Well I've been working hard to reach me target

To earn a few bob for a day trip down to Margate

I'm gonna blow the lot tomorrow on all me family

We catch the coach at eight so don't be late, we're off to see the sea


The coach (courtesy of Tony) actually left at 9.30, but that’s not important; I’d paid my bread and honey, so I was in; we were off to Margate; we were off to see the sea. But there would be no beaches and ‘kiss me quick’ hats for us – we were seeking pubs, especially those of the micro variety. With my CAMRA family.


Now I find micro pubs very hit and miss. Don’t get me wrong, some of them are excellent and I those I love, but some, well they leave me feeling cold. I’m a lover of pubs, and whatever sort of pub it is, if it lacks pubiness it doesn’t float my boat. You’ve probably been to some of the sort I dislike: a modern shop unit, still with its aluminium shopfront and double doors, a stark bare interior with bright fluorescent lighting, a makeshift timber bar, where you sit on antiquated tubular steel chairs taken straight from a school classroom and have to queue up for the one, oversized toilet. That sort.
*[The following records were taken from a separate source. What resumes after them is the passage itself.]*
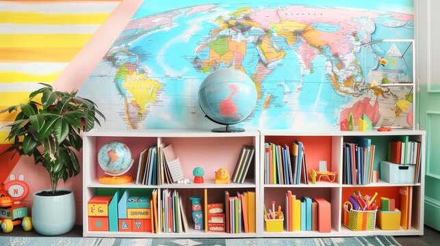 A bright and cheerful study area with a meticulously organized bookshelf holding childrena??s books, a globe showcasing different countries, educational toys, and a small potted plant in the corner
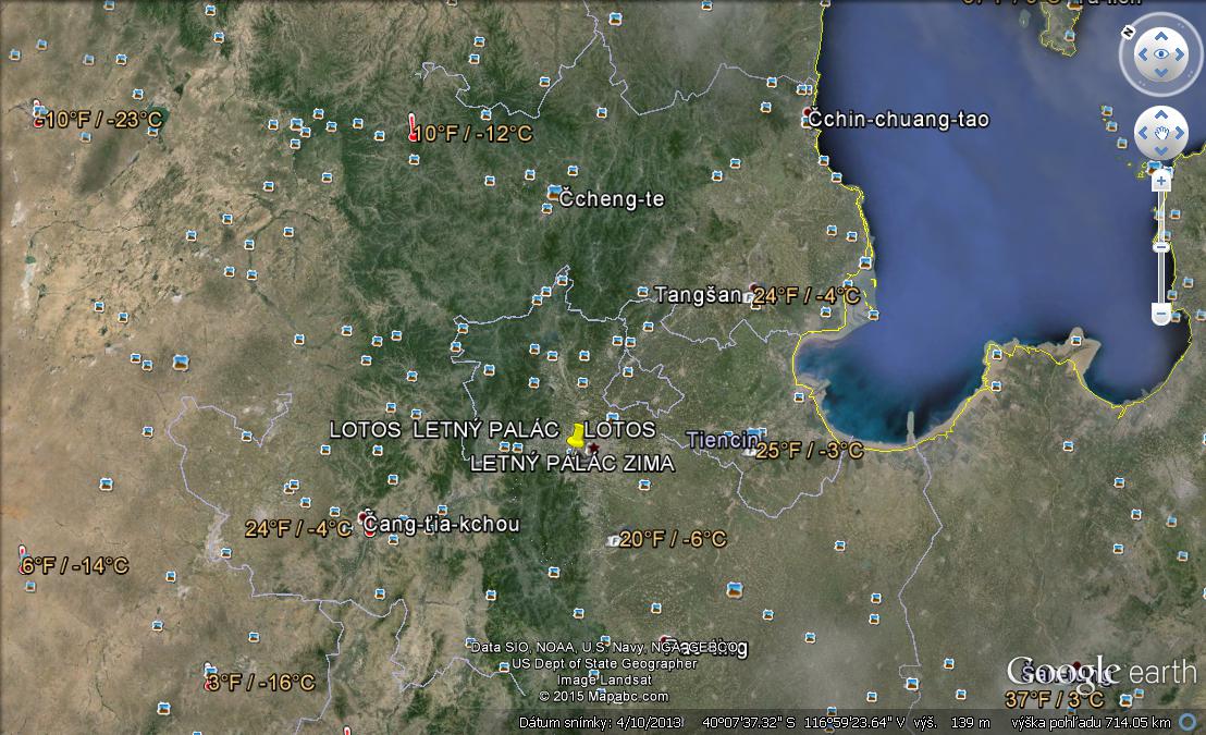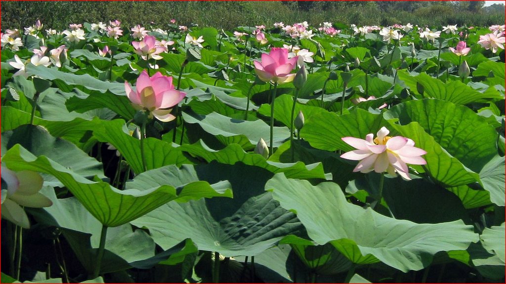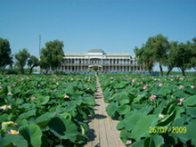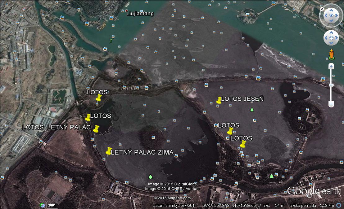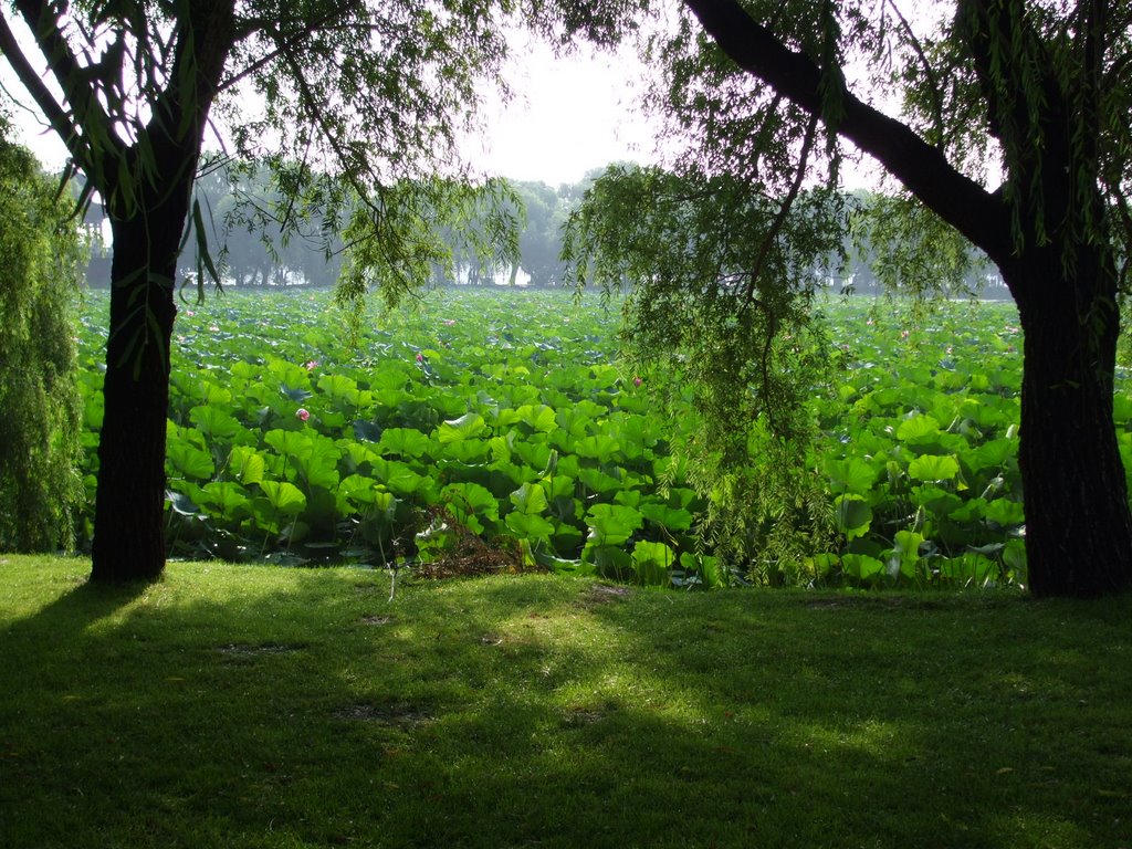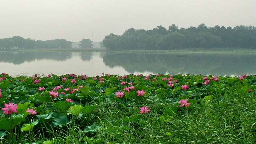 Neďaleko „Zakázaného mesta“ v Pekingu sa nachádza Letný palác, v okolí ktorého sú obrovské výsadby drevín a iných zaujímavých rastlín.. Okrem pôvodnej záhradnej a stavebnej historickej čínskej architektúry sa tu nachádzajú jazerá a jazierka s veľkými plochami porastov lotosov. Zimy v tejto časti Číny sú tuhé, ale letá sú zas horúce a to lotosom prospieva.
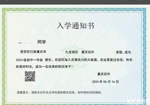 2024年重庆幼升小、小升初摇号战役正式打响了! 昨天,九龙坡区已完成2024年民转公校摇号工作。在我们的升学群里,有家长报喜,摇中心仪学校-重庆实外国语学校,领到了电子版录取通知书!恭喜家长!
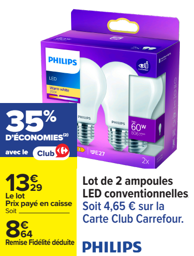 - Ampoules LED Philips (x2) — 13,29 € → 3,99 € (−70%)
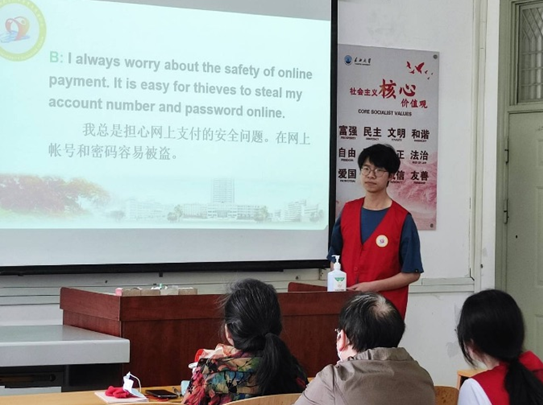本次教学以“网络支付安全”为主题,主讲人从单词开始教学,依次带读短语、对话。其余志愿者分散坐在老人身边,进行一对一辅导,与他们一起朗读单词句子并纠正老人单词读音。

Like all good ‘Jolly Boys’ Outing’ (and Jolly Girls’ too) to Margate, our bus stopped on the way for refreshments at Herne Bay. Fortunately, this went better than Del Boy and Rodney’s Margate trip in that classic Only Fools episode, in that at least our driver did not get drunk nor did our bus burst into flames. There are four micro pubs in Herne Bay, and they fill the spectrum of the good to the average on the Moose Micro Pub Scale.


the beers at The Pub

First up was an establishment know simply as “The Pub”, and to be fair, despite being a conversion of only a year or so old, it did have a pub feel, had proper toilets, a cellar, and a garden. The landlord was very welcoming, inviting us to put on our choice of vinyl whilst we queued up for a beer, four of them, and all local. I wasn’t convinced by the OSB ceiling here, but everything else worked well, from the local artists’ work displayed and on sale on the walls, the aforementioned record player, to the Angels & Demons Slaughter Beach IPA (5.2%) which was a welcome drop after nearly three hours on the road.
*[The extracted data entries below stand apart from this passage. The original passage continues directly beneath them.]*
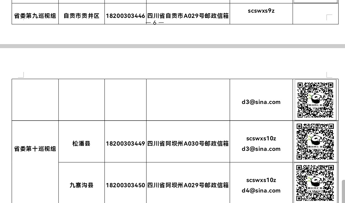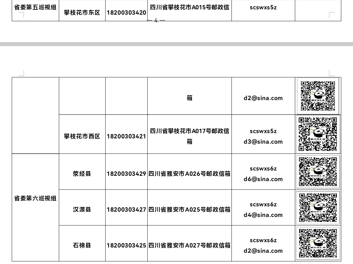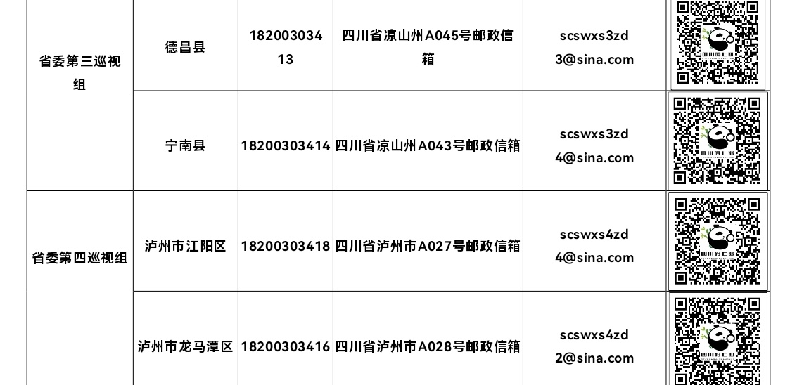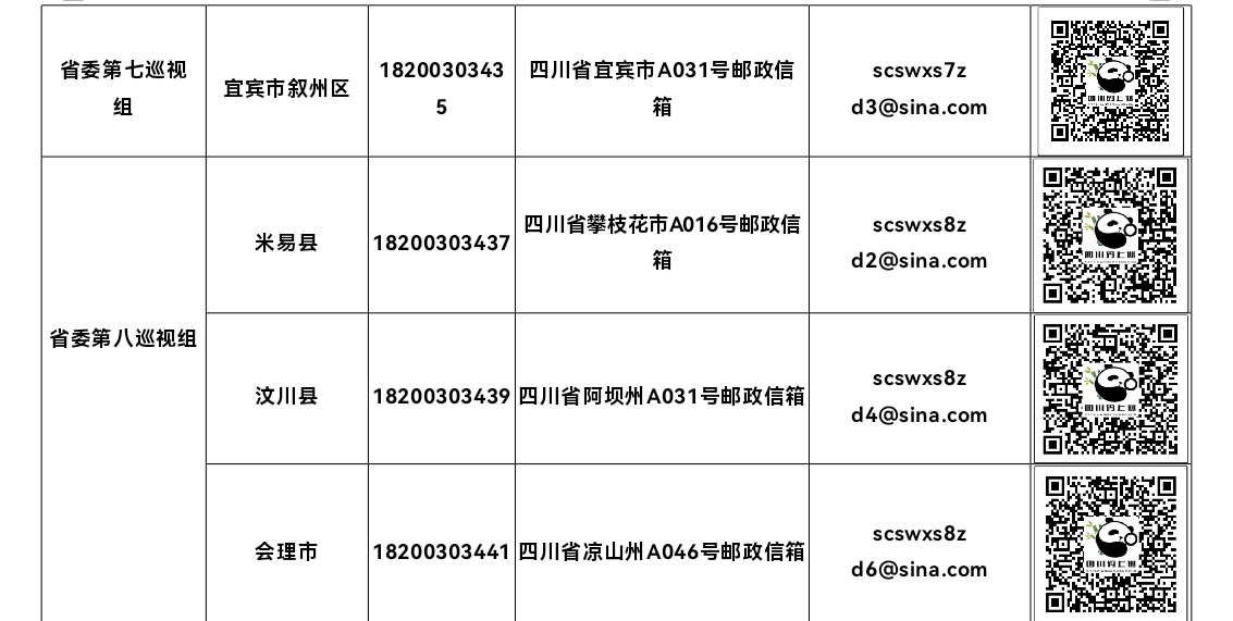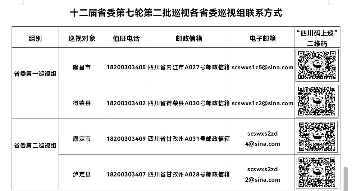巡视期间,各省委巡视组设置了值班电话、邮政信箱、电子邮箱和“四川码上巡”二维码。省委巡视组主要受理反映被巡视党组织领导班子及其成员和下一级党组织领导班子主要负责人,以及重点岗位人员问题的来信、来电、来访,重点是关于违反政治纪律、组织纪律、廉洁纪律、群众纪律、工作纪律和生活纪律以及巡视整改等方面的问题反映。对其他不属于巡视受理范围的信访问题,将按规定由被巡视地区和有关部门认真处理。
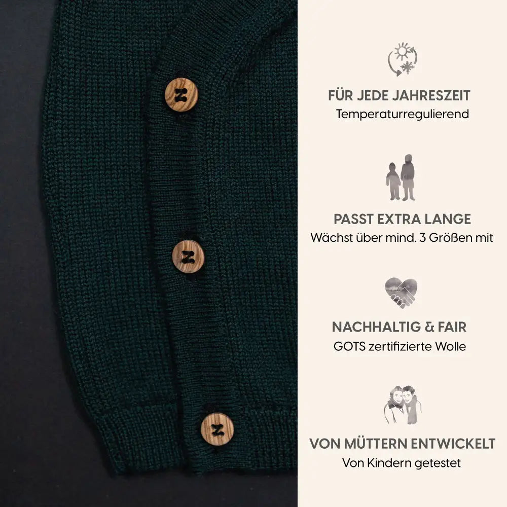 Kuschelige, mitwachsende Wickeljacke aus 100% mulesing-freier, GOTS Merinowolle
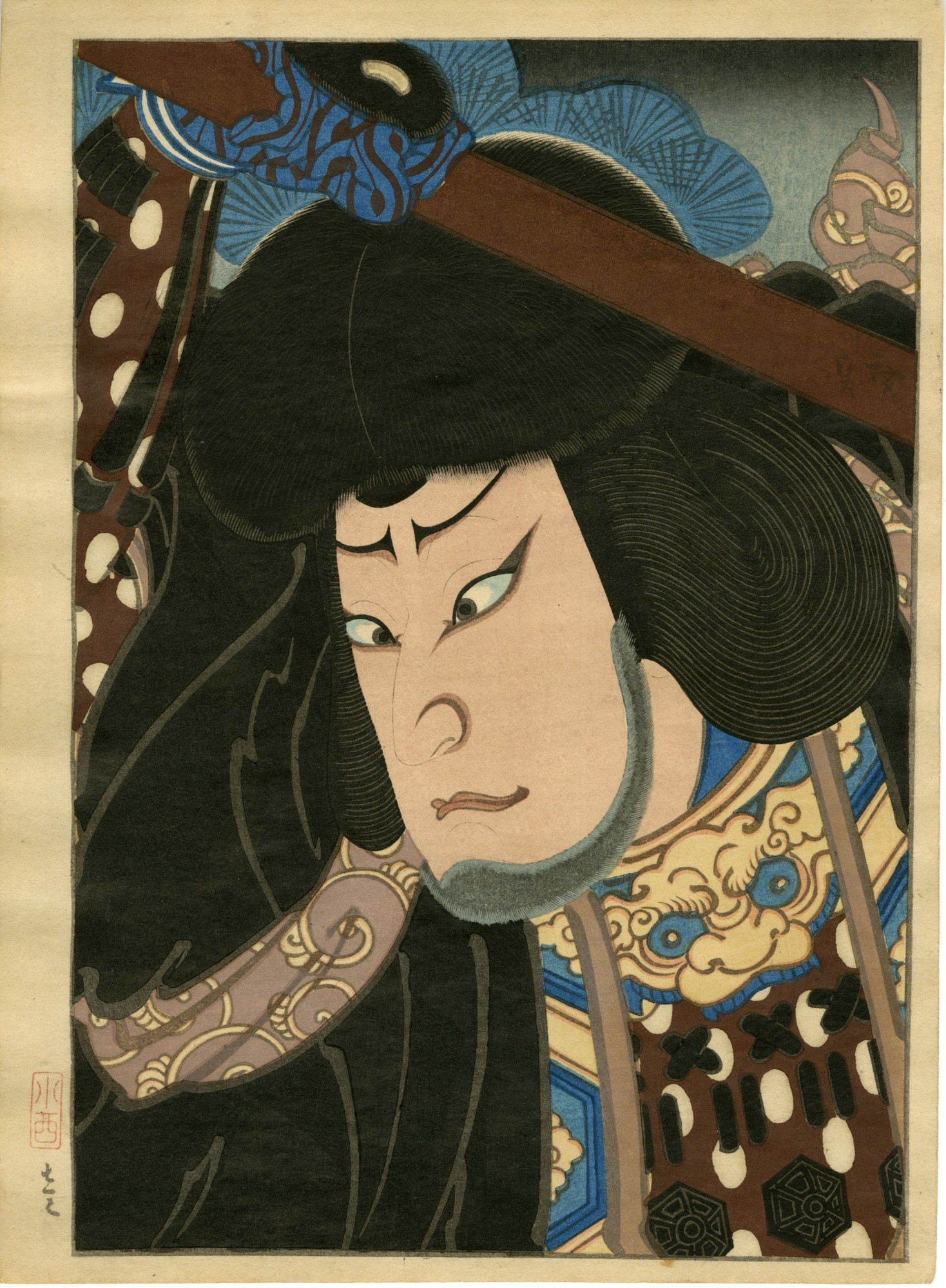 Item Description: Actor with black hair and hat, light gray/blue short beard, and blue dragon neck/dress wear.

The other pubs were a mixed bag. The Firkin Frog with its welcoming dog was pleasant but its Goody’s beer was mediocre. A better bet was the Bouncing Barrel – complete with its mural of a Lancaster bomber dropping a barrel of beer (Barnes Wallace’s bouncing bomb was tested at Broadstairs using planes out of RAF Manston) –its beer choice with a definite northern influence save for one Dark Star. The fourth pub, Parkerville, is the least successful of the four in my book, though the beer is well kept served from a separate glazed cold room.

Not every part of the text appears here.